→ **Problem to work on**:
Among the entries below, one line contains "A repeating illustration" and another contains "Beautiful vintage solid". Transcribe those two lines and every line between them, exactly.

→ **Supplied material**:
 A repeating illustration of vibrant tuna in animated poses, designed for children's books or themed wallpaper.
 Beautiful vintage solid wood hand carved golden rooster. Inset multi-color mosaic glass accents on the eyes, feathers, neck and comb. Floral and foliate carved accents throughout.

--

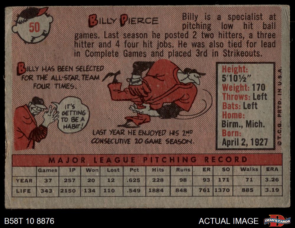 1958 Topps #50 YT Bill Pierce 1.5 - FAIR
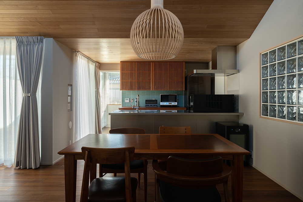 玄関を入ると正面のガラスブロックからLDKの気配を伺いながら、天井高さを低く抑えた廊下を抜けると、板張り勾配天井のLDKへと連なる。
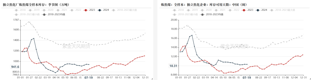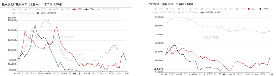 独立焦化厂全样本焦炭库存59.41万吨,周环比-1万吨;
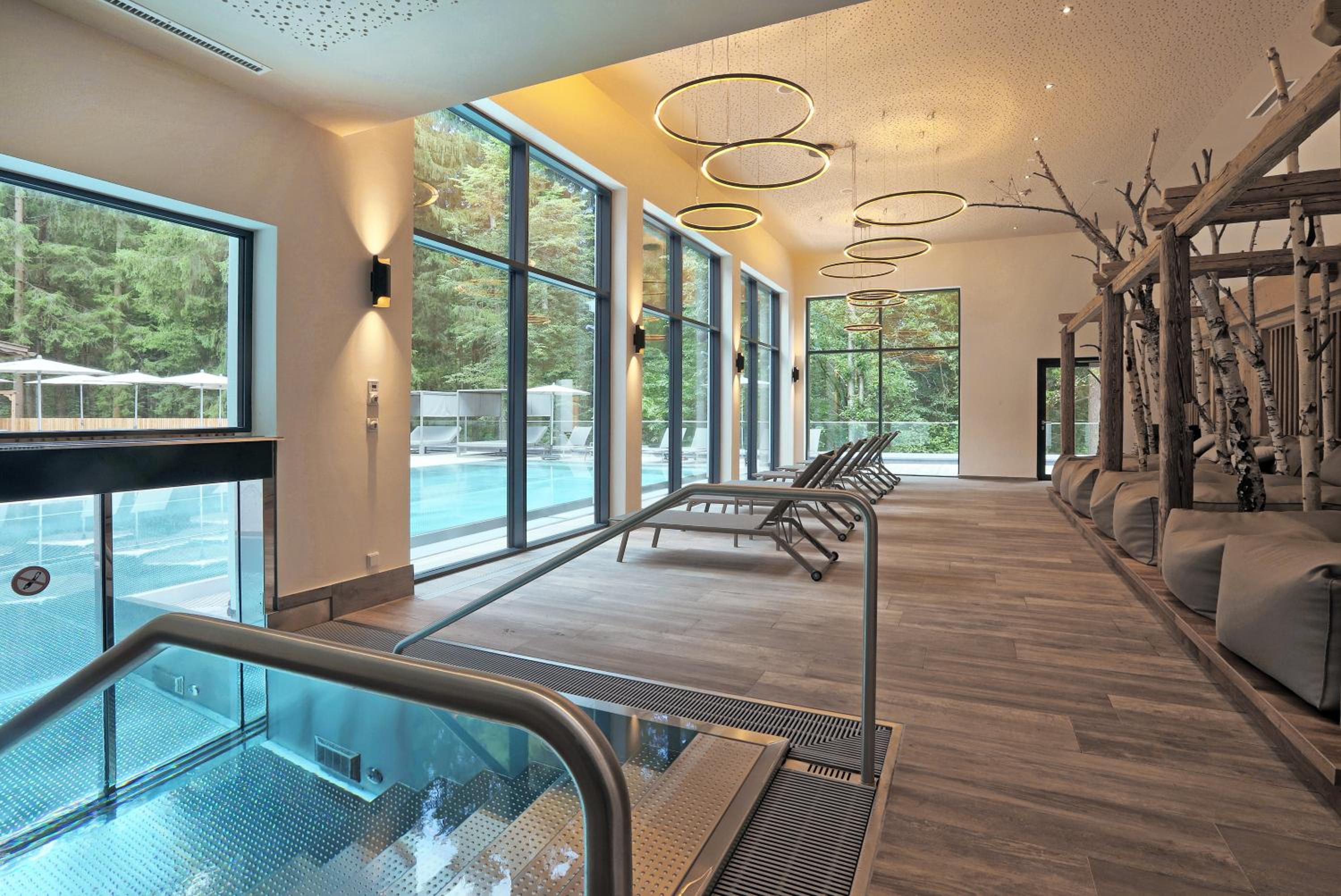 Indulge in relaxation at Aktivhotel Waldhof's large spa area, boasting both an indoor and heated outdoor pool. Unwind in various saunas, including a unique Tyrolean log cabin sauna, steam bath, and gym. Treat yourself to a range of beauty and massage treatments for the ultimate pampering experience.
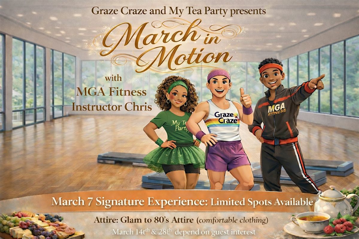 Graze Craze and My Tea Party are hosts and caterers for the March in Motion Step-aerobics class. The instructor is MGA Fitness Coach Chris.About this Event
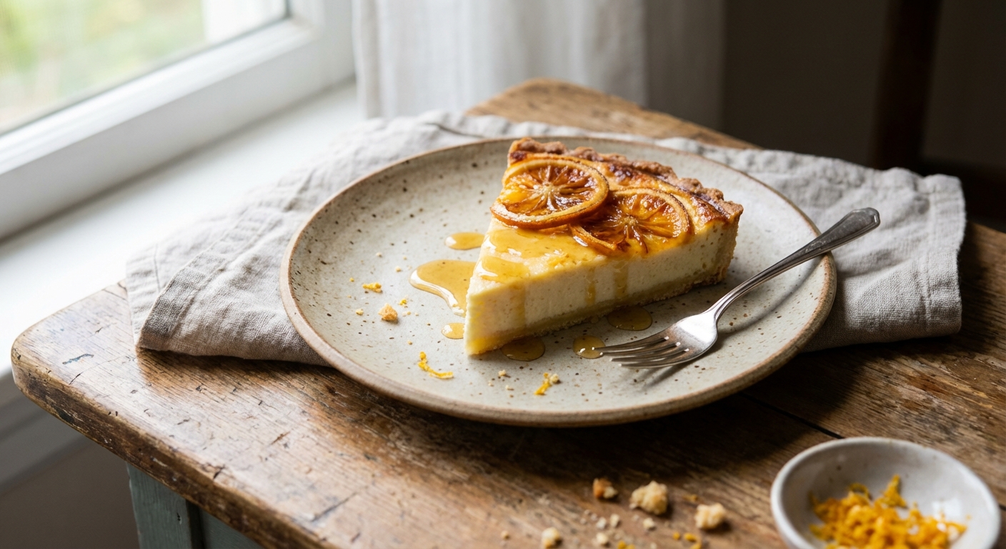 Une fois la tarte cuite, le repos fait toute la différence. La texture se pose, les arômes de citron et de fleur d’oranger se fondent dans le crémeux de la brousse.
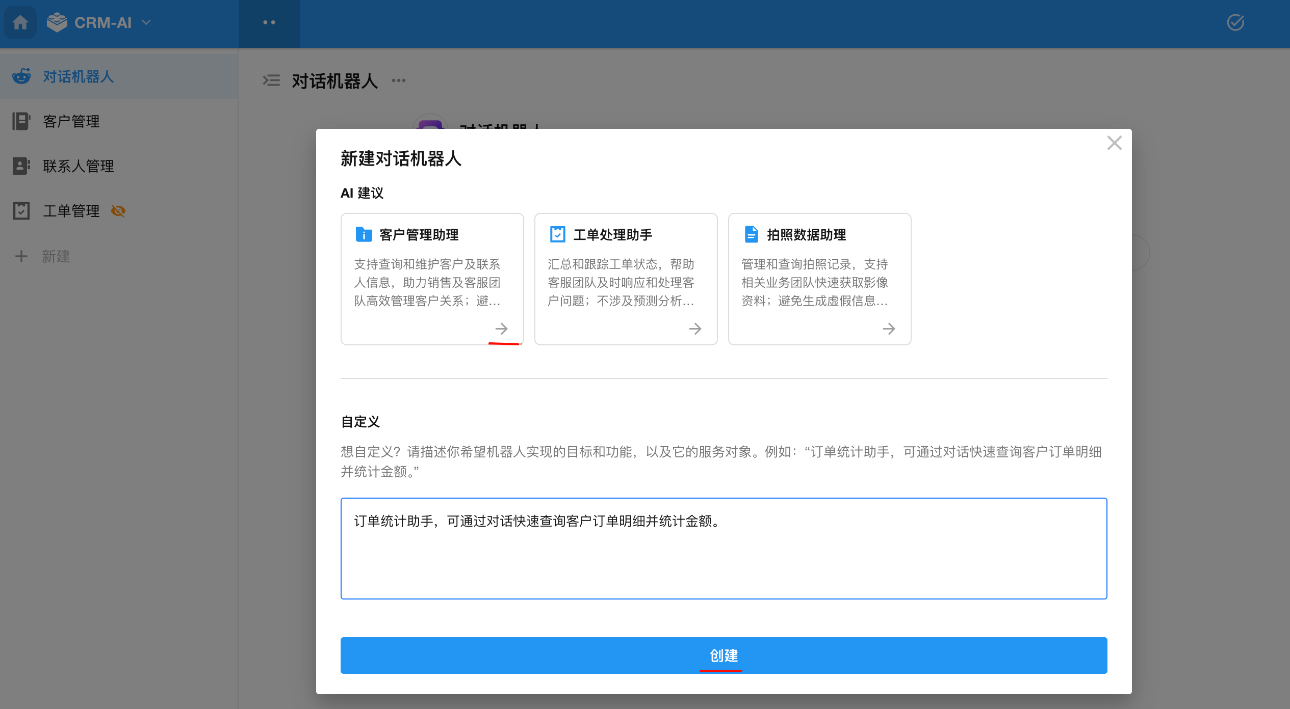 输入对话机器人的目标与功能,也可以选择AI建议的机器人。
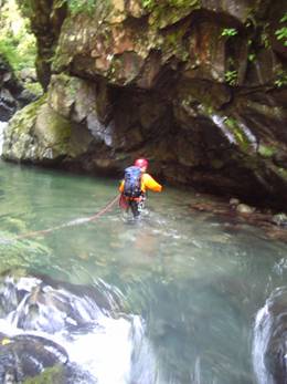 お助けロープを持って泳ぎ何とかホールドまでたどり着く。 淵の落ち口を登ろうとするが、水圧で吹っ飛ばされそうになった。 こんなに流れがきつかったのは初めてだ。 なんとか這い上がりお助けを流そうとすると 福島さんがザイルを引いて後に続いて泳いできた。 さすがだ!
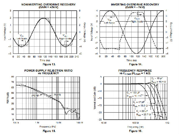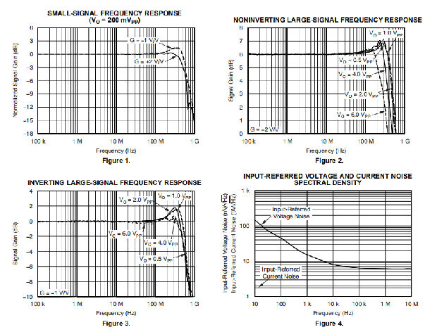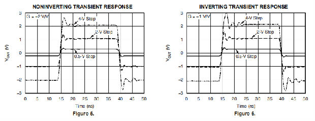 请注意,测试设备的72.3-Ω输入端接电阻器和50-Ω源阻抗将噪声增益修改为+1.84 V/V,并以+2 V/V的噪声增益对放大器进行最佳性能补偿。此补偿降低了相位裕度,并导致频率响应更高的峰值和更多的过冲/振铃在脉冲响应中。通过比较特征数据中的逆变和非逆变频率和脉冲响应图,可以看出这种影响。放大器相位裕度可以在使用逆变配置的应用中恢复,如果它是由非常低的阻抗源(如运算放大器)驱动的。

→ **Result of this exercise**:
 A repeating illustration of vibrant tuna in animated poses, designed for children's books or themed wallpaper.
 Beautiful vintage solid wood hand carved golden rooster. Inset multi-color mosaic glass accents on the eyes, feathers, neck and comb. Floral and foliate carved accents throughout.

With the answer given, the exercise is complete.